- **REQUIRED ACTION**
Without including any image, repeat every record exactly.

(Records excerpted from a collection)

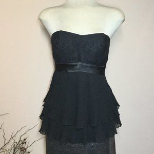 SUZY Shier Black Strapless ruffle Lace and chiffon top Size XS
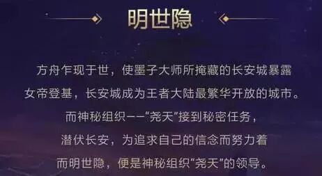 明世隐的上线,王者荣耀正式拉开了“盛世长安”新版本的序幕。而在明世隐的背景中,有一个神秘组织浮出了水面——“尧天”。
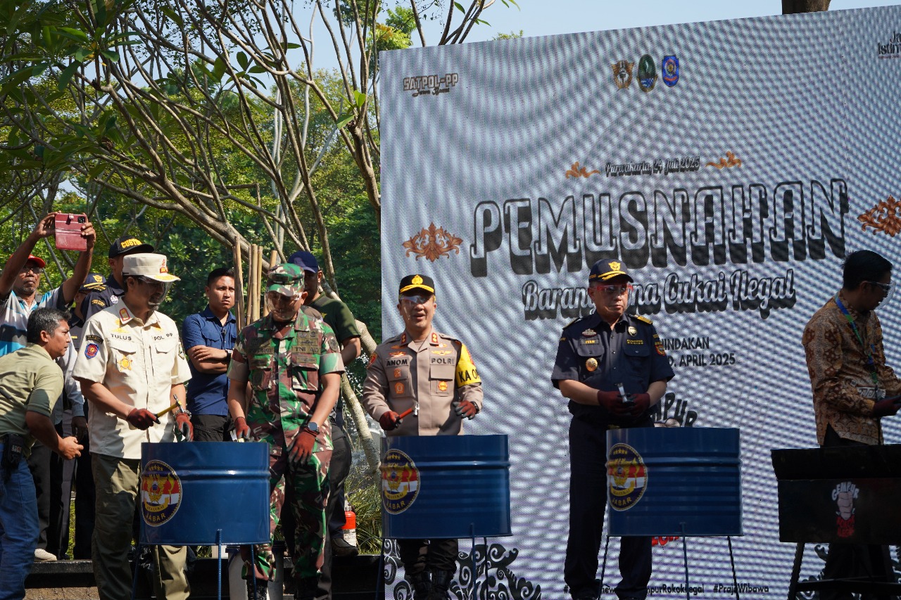 Kegiatan ini merupakan bentuk nyata komitmen bersama dalam pemberantasan barang ilegal, seperti rokok tanpa pita cukai, minuman beralkohol ilegal, serta barang-barang hasil tembakau lainnya yang melanggar ketentuan perundang-undangan.
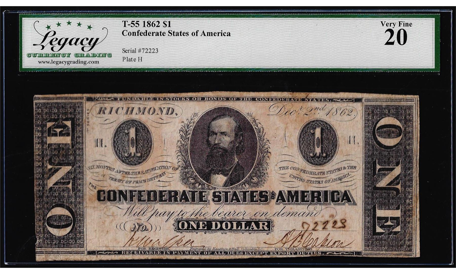 1862 $1 Confederate States of America Note T-55 Legacy Very Fine 20
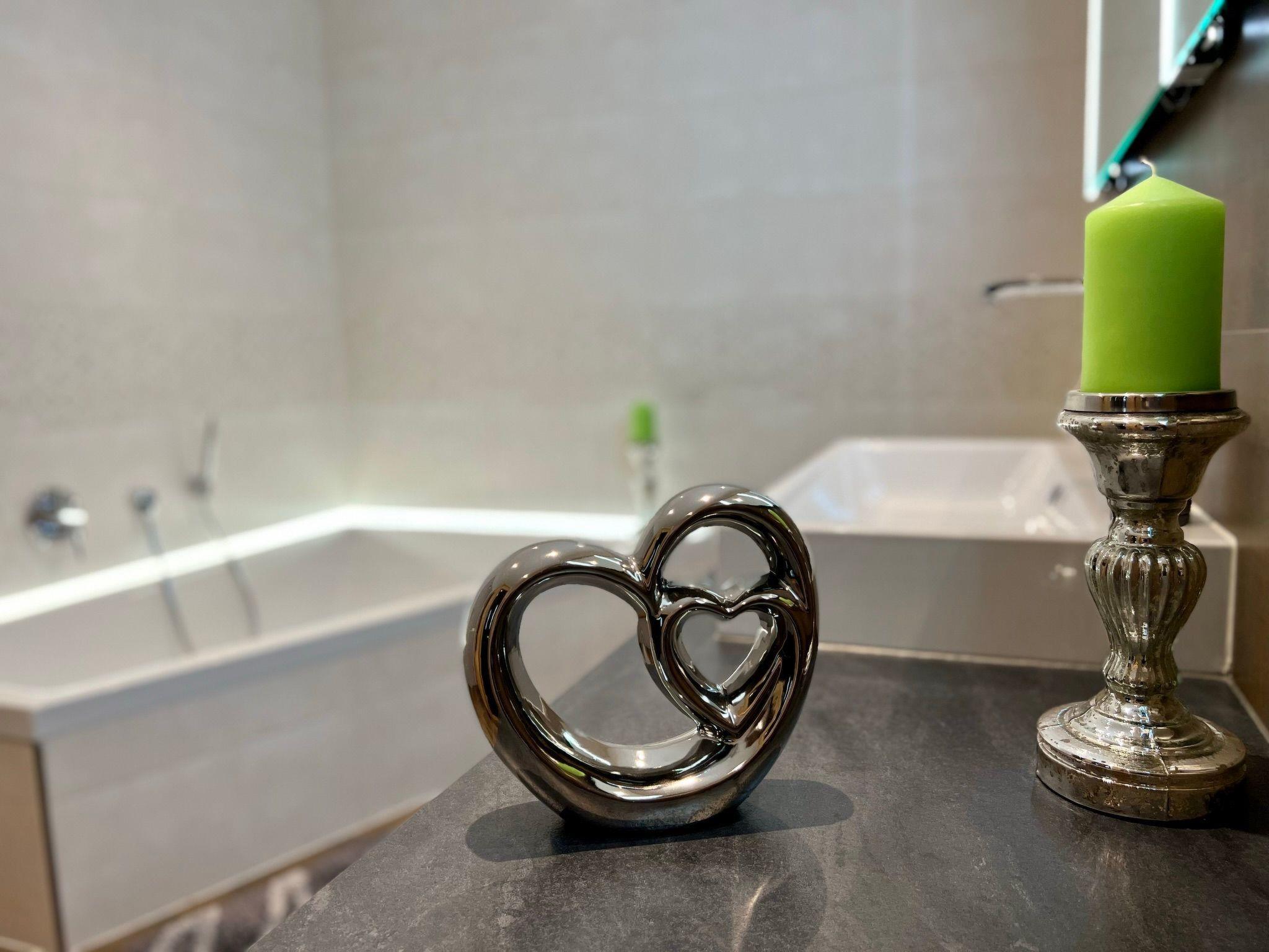 The holiday suite extends over approx. 120 square metres on the ground floor and has three inviting bedrooms, a living room with an open-plan kitchen and dining area as well as a hallway and a guest WC. The wellness bathroom promises special relaxation with its infrared deep-heat sauna, which provides additional well-being with a brine nebuliser, and a large bathtub for two people. A cot can also be accommodated on request. The facilities leave nothing to be desired and guarantee a comfortable stay.
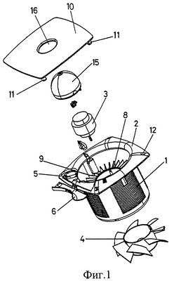 1. Эксгаустер со съемной крышкой, содержащий цилиндрический несущий кожух, который оканчивается со стороны всасывания периметральным фланцем, на котором установлена передняя крышка, причем внутри несущего кожуха установлены электродвигатель, вентилятор и средства регулировки и управления, отличающийся тем, что электродвигатель установлен внутри несущего кожуха в корпусе, выполненном в виде стакана, расположенного в верхней части цилиндрической части кожуха и удерживаемого внутри указанной цилиндрической части с помощью множества дугообразных радиальных выступов в виде лопаток, предотвращающих доступ к подвижным частям, а передняя крышка снабжена крепежными элементами для ее крепления к периметральному фланцу с возможностью отсоединения от него, при этом указанные крепежные элементы состоят из нескольких лапок, отходящих от внутренней поверхности передней крышки и соответствующих отверстиям, выполненным в периметральном фланце несущего кожуха.
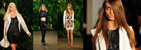 By Kaylene Peoples | October 17th, 2011 | Category: Articles, Interviews and Reviews, Fashion, Runway | 1 Comment »During New York Fashion Week on September 10, Designer Joseph Altuzarra created a classy, yet edgy, sophisticated, yet futuristic collection, which defined his Spring 2012 line. The vivid colors, ranging from vibrant greens, bold yellows, striking whites, blacks, and prints, colored a variety of styles. The standouts were the white trench and black netted leather dress; dresses paired with leather jackets; vinyl pants; quilted sets; over-sized sweaters; nice knits, and sporty and playful prints, ranging from the ever too familiar Hawaiian theme (this season) to athletic accents. Other notables were parachute straps worn over a sleeveless dress, backless vests, hooded coats, and trousers with racing stripes.
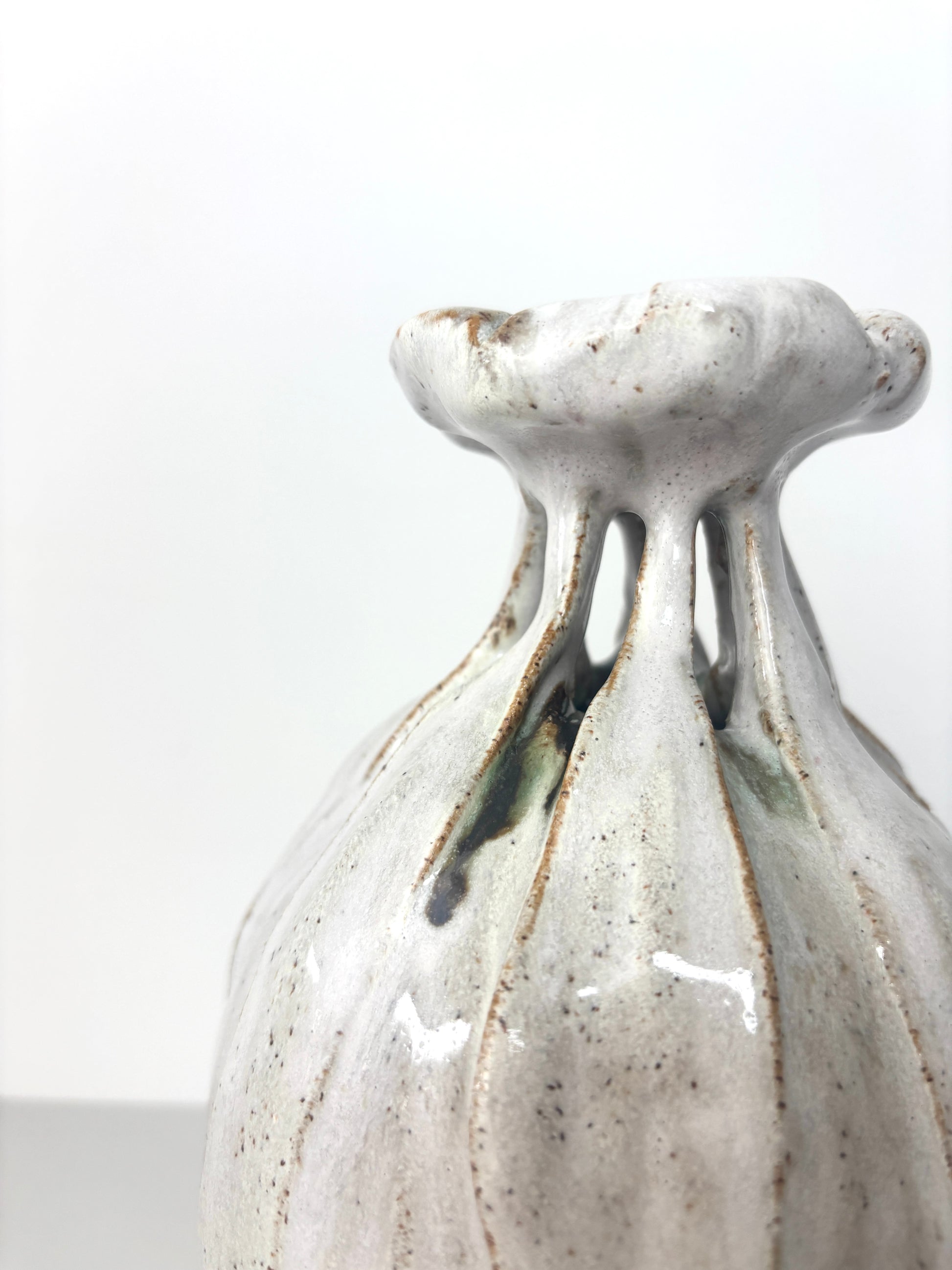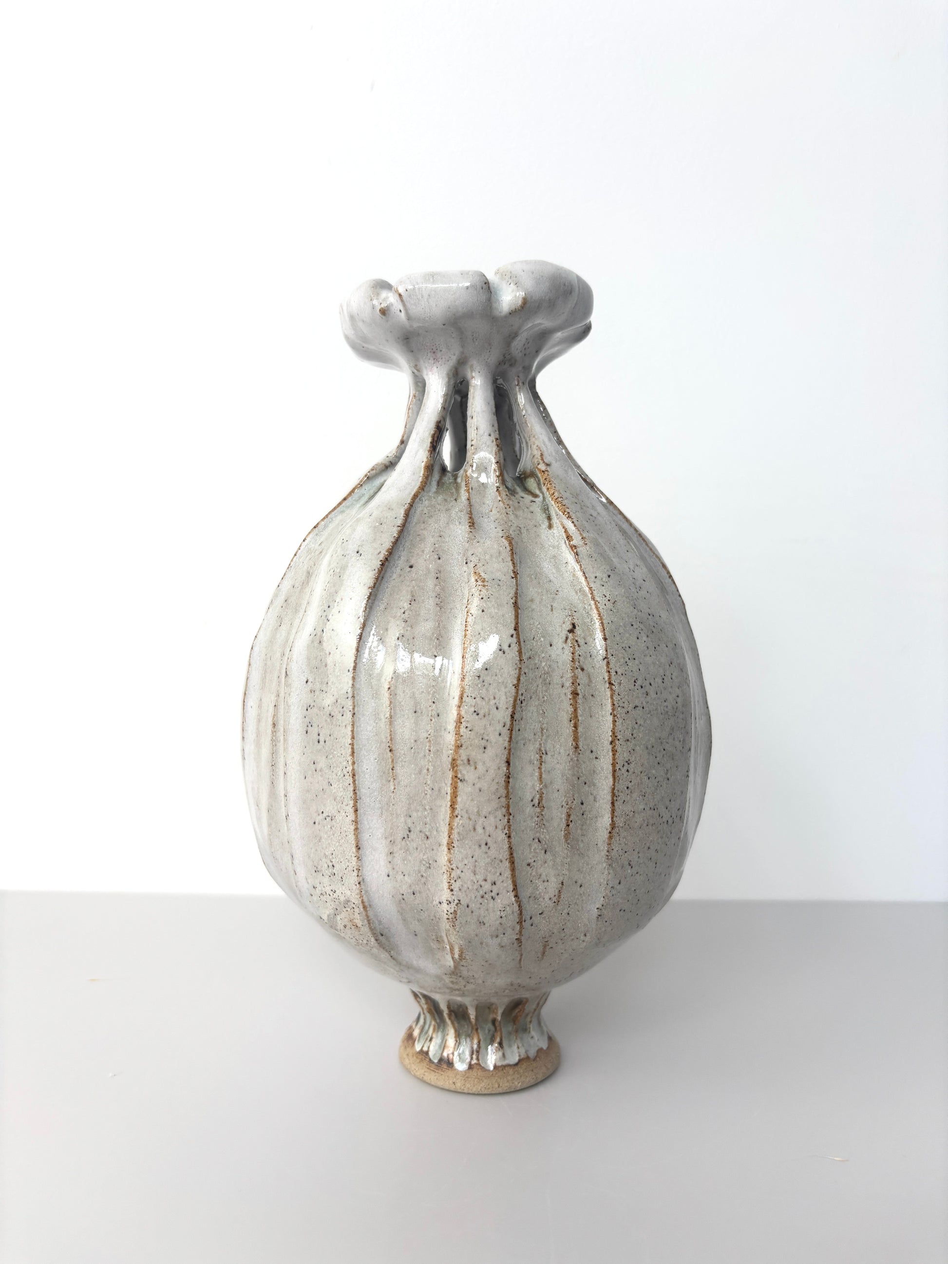 An enlarged sculptural interpretation of a poppy seed head, finished in a softly speckled glaze with delicate touches of green oxide.
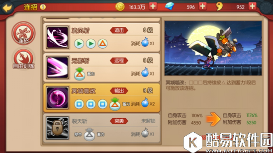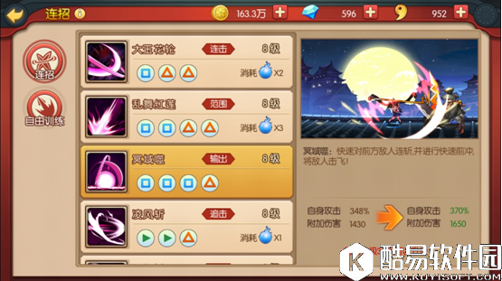 在连招的选择上如果喜欢连击的效果,尽量多的配合一些具有挑空技能,比冥域噬,□△这2个技能都可以让敌人浮空,而且不消耗灵力,可以连接其他技能,配合大玉花轮能达到无限连的效果。无限连要掌握好敌人被挑空后掉落的时间,把握好节奏再配合连招才能事半功倍。
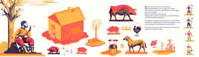 La prosa de Tolstói —decía Nabokov— late al ritmo de nuestro corazón. Elena Odriozola (Segundo Premio Nacional de Ilustración 2006) ha captado ese pulso narrativo y nos lleva con sus imágenes a la tierra que vio nacer a Pajom, permitiéndonos acompañarle en su viaje por la estepa rusa, marcado por el ritmo de su ambición. Las vacas serán testigo de ese afán.
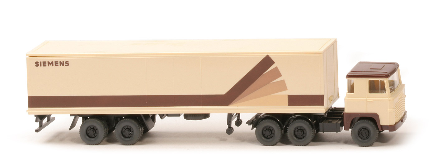 | Zugmaschine | Dach | schokobraun | Kabine oben | creme | Kabine unten | creme | Stoßstange | schokobraun | Scheinwerfer | 2, ungesilbert | Spiegel | mit | Scheibenwischer | mit | Lenkrad | mit | Sattelpfanne | für großen Königsbolzen | Reserverad | ohne | Chassis Farbe | schwarz | Räder | 12mm, Profil grob | 8-Loch-Felgen | schwarz | | Koffer | Art | links glatt, rechts Tür | Dach | creme | Korpus | creme | Türen | creme | Beschriftung | ohne Werbesatz ... (s. Foto) | Chassis | schwarz | Kotflügel | gerade | Unterfahrschutz | mit | Königsbolzen | stark | Räder | 12mm, Profil grob | 8-Loch-Felgen | schwarz |

- **EXERCISE ANSWER**
 SUZY Shier Black Strapless ruffle Lace and chiffon top Size XS
 明世隐的上线,王者荣耀正式拉开了“盛世长安”新版本的序幕。而在明世隐的背景中,有一个神秘组织浮出了水面——“尧天”。
 Kegiatan ini merupakan bentuk nyata komitmen bersama dalam pemberantasan barang ilegal, seperti rokok tanpa pita cukai, minuman beralkohol ilegal, serta barang-barang hasil tembakau lainnya yang melanggar ketentuan perundang-undangan.
 1862 $1 Confederate States of America Note T-55 Legacy Very Fine 20
 The holiday suite extends over approx. 120 square metres on the ground floor and has three inviting bedrooms, a living room with an open-plan kitchen and dining area as well as a hallway and a guest WC. The wellness bathroom promises special relaxation with its infrared deep-heat sauna, which provides additional well-being with a brine nebuliser, and a large bathtub for two people. A cot can also be accommodated on request. The facilities leave nothing to be desired and guarantee a comfortable stay.
 1. Эксгаустер со съемной крышкой, содержащий цилиндрический несущий кожух, который оканчивается со стороны всасывания периметральным фланцем, на котором установлена передняя крышка, причем внутри несущего кожуха установлены электродвигатель, вентилятор и средства регулировки и управления, отличающийся тем, что электродвигатель установлен внутри несущего кожуха в корпусе, выполненном в виде стакана, расположенного в верхней части цилиндрической части кожуха и удерживаемого внутри указанной цилиндрической части с помощью множества дугообразных радиальных выступов в виде лопаток, предотвращающих доступ к подвижным частям, а передняя крышка снабжена крепежными элементами для ее крепления к периметральному фланцу с возможностью отсоединения от него, при этом указанные крепежные элементы состоят из нескольких лапок, отходящих от внутренней поверхности передней крышки и соответствующих отверстиям, выполненным в периметральном фланце несущего кожуха.
 By Kaylene Peoples | October 17th, 2011 | Category: Articles, Interviews and Reviews, Fashion, Runway | 1 Comment »During New York Fashion Week on September 10, Designer Joseph Altuzarra created a classy, yet edgy, sophisticated, yet futuristic collection, which defined his Spring 2012 line. The vivid colors, ranging from vibrant greens, bold yellows, striking whites, blacks, and prints, colored a variety of styles. The standouts were the white trench and black netted leather dress; dresses paired with leather jackets; vinyl pants; quilted sets; over-sized sweaters; nice knits, and sporty and playful prints, ranging from the ever too familiar Hawaiian theme (this season) to athletic accents. Other notables were parachute straps worn over a sleeveless dress, backless vests, hooded coats, and trousers with racing stripes.
 An enlarged sculptural interpretation of a poppy seed head, finished in a softly speckled glaze with delicate touches of green oxide.
 在连招的选择上如果喜欢连击的效果,尽量多的配合一些具有挑空技能,比冥域噬,□△这2个技能都可以让敌人浮空,而且不消耗灵力,可以连接其他技能,配合大玉花轮能达到无限连的效果。无限连要掌握好敌人被挑空后掉落的时间,把握好节奏再配合连招才能事半功倍。
 La prosa de Tolstói —decía Nabokov— late al ritmo de nuestro corazón. Elena Odriozola (Segundo Premio Nacional de Ilustración 2006) ha captado ese pulso narrativo y nos lleva con sus imágenes a la tierra que vio nacer a Pajom, permitiéndonos acompañarle en su viaje por la estepa rusa, marcado por el ritmo de su ambición. Las vacas serán testigo de ese afán.
 | Zugmaschine | Dach | schokobraun | Kabine oben | creme | Kabine unten | creme | Stoßstange | schokobraun | Scheinwerfer | 2, ungesilbert | Spiegel | mit | Scheibenwischer | mit | Lenkrad | mit | Sattelpfanne | für großen Königsbolzen | Reserverad | ohne | Chassis Farbe | schwarz | Räder | 12mm, Profil grob | 8-Loch-Felgen | schwarz | | Koffer | Art | links glatt, rechts Tür | Dach | creme | Korpus | creme | Türen | creme | Beschriftung | ohne Werbesatz ... (s. Foto) | Chassis | schwarz | Kotflügel | gerade | Unterfahrschutz | mit | Königsbolzen | stark | Räder | 12mm, Profil grob | 8-Loch-Felgen | schwarz |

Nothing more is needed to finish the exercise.